North Carolina residents who are creating an estate plan and who have homes in more than one state need to decide which one is their legal residence and whether they want to continue using that state as their official residence. Generally, wherever they are registered to vote is the official state of residence. This may affect their estate planning process.
For example, one thing to check is what states have an estate tax. The federal estate tax exemption is $5.45 million for 2016, but many states that have separate estate taxes have exemptions that are far lower. Furthermore, even if a state does not have an estate tax, there may other taxes due when a person dies.
Owning property in multiple states can create complications because it can lead to heirs having to wait for probate processes to conclude in each state. One way to avoid this may be to place real estate in a trust. People may also want to consider having a durable power of attorney in place in each state where they have property or bank accounts so that someone can manage their finances if they are incapacitated.

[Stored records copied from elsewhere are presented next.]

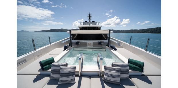 DAWO’s foredeck has been designed as a dedicated social retreat. The whirlpool takes centre stage, surrounded by ample sun pads, and is protected from the sun with an optional canopy shade. Combine the hedonistic beach clubs of Hvar with your very own Nikki Beach-esque plunge pool on the foredeck of your Benetti Luxury Crewed Motor Yacht. Whether enjoyed during the heat of the day or under the stars, this private retreat under the port is an elevated setting for unwinding on the coast of Croatia.
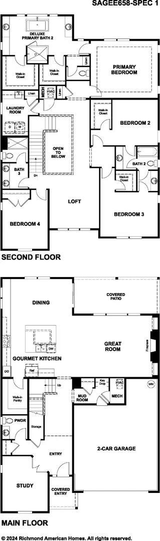 At the heart of the two-story Sage plan, you’ll find an expansive great room, complete with a cozy fireplace and built-in bookcases. The main floor also features a charming dining area and a gourmet kitchen with a large island and walk-in pantry, as well as a convenient powder room and an elegant study with French doors off the entry. Upstairs, discover an airy loft and four beautiful bedrooms, including a lavish primary suite boasting two walk-in closets and a deluxe bath with dual vanities. You’ll also appreciate a central laundry, two additional bathrooms and a dramatic tray ceiling in the primary suite.
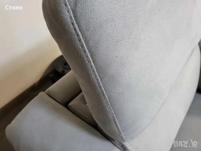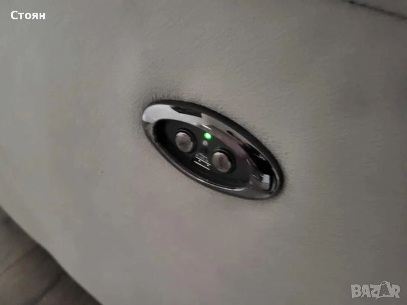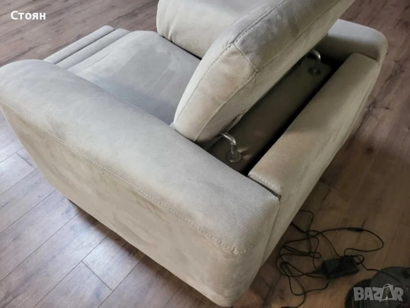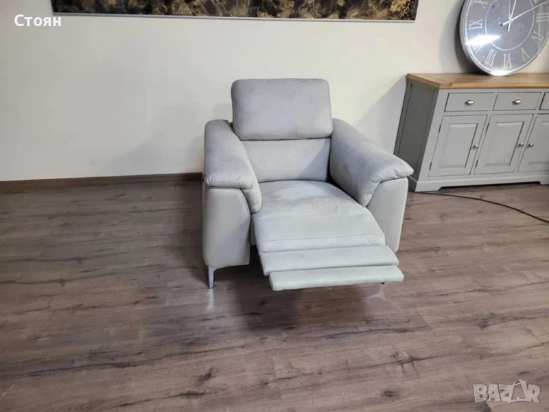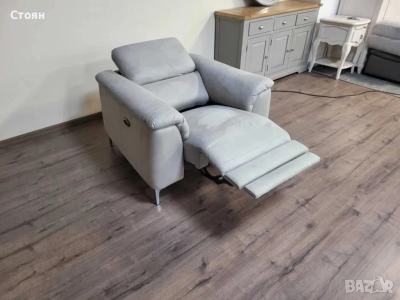 Светло сив фотьойл от плат с електрически релаксиращ механизъм за краката и подвижна облегалка.
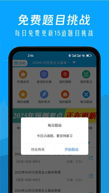 自考赢家是专门为自考生设计的智能学习工具,整合了多年积累的考试真题资源,覆盖范围广泛,能够帮助用户在海量题库中精准找到历年考点。团队会持续关注政策变化和学科更新情况,保证内容紧跟时代步伐,及时同步最新的考试动态和热点知识。“我的错题”“我的笔记”“我的考点”等个性化功能板块,可以助力用户高效整理薄弱部分,逐个攻克知识盲区。
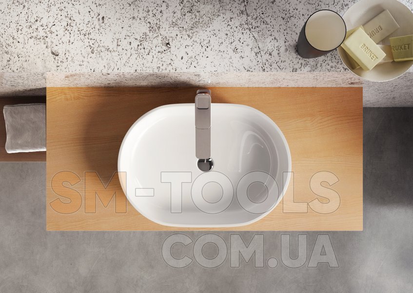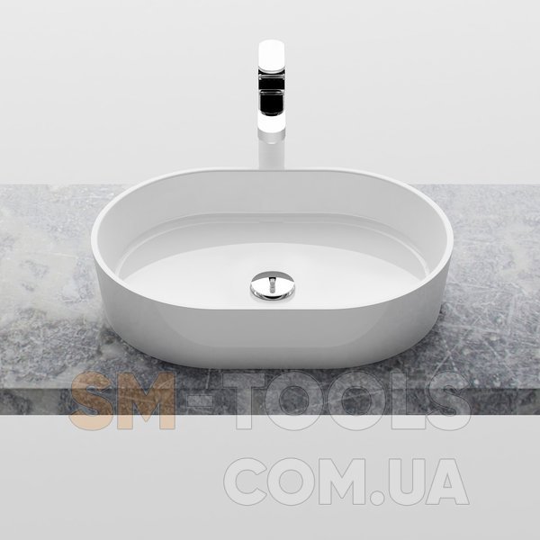 Авторский умывальник изготовленный из литого мрамора, дизайн которого основан на элементарной геометрической форме круга, который дизайнер трансформировал в практичный овал. Комфортная ширина для каждодневного использования. Идеально сбалансирует в ванной комнате элементы прямоугольной формы, такие как плитка душевого уголка или мебель. Подходит для установки на столешницу.
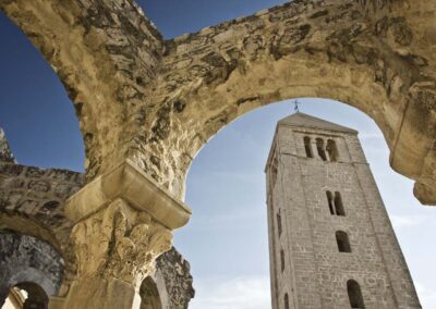Otok Rab i njegovo istoimeno gradsko središte, odnosno stara gradska jezgra, jedna su od najbolje očuvanih i najljepših srednjovijekovnih urbanih jezgri na Jadranu. Svoj vrhunac Rab postiže za vrijeme vladavine Mlečana kada se rapska jezgra sa lukom ističe kao jedno od najbitnijih trgovačkih središta na Mediteranu i točka susreta istočne i zapadne trgovine. U to vrijeme na otoku se nalazi 10 000 stanovnika, od čega je čak polovica u starogradskoj jezgri. Rab je kroz svoju bogatu povijest bio i rimski municipij, biskupija i kršćansko središte ovog dijela Jadrana.
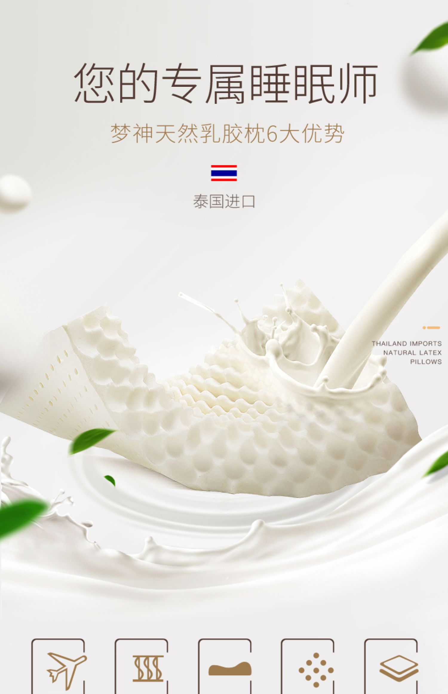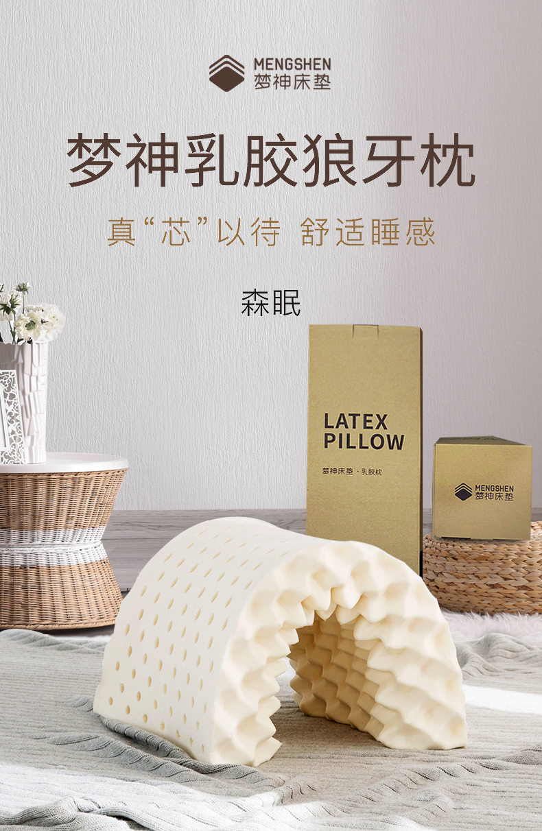【氧气直购节】梦神泰国天然乳胶枕狼牙枕儿童成人护颈枕单人枕芯橡胶颈椎枕头

In North Carolina, there is not a state estate tax, but people might want to meet with an attorney to discuss other costs including other taxes, probate fees and trusts. The attorney might be able to offer advice on how clients could best protect their assets and ensure that they pass reasonably quickly to beneficiaries. An attorney might also be useful to address other implications of having property and residence in multiple states that a person might not have thought of. For example, clients might want to consider appointing someone to make health care decisions in each state in the event that they are incapacitated.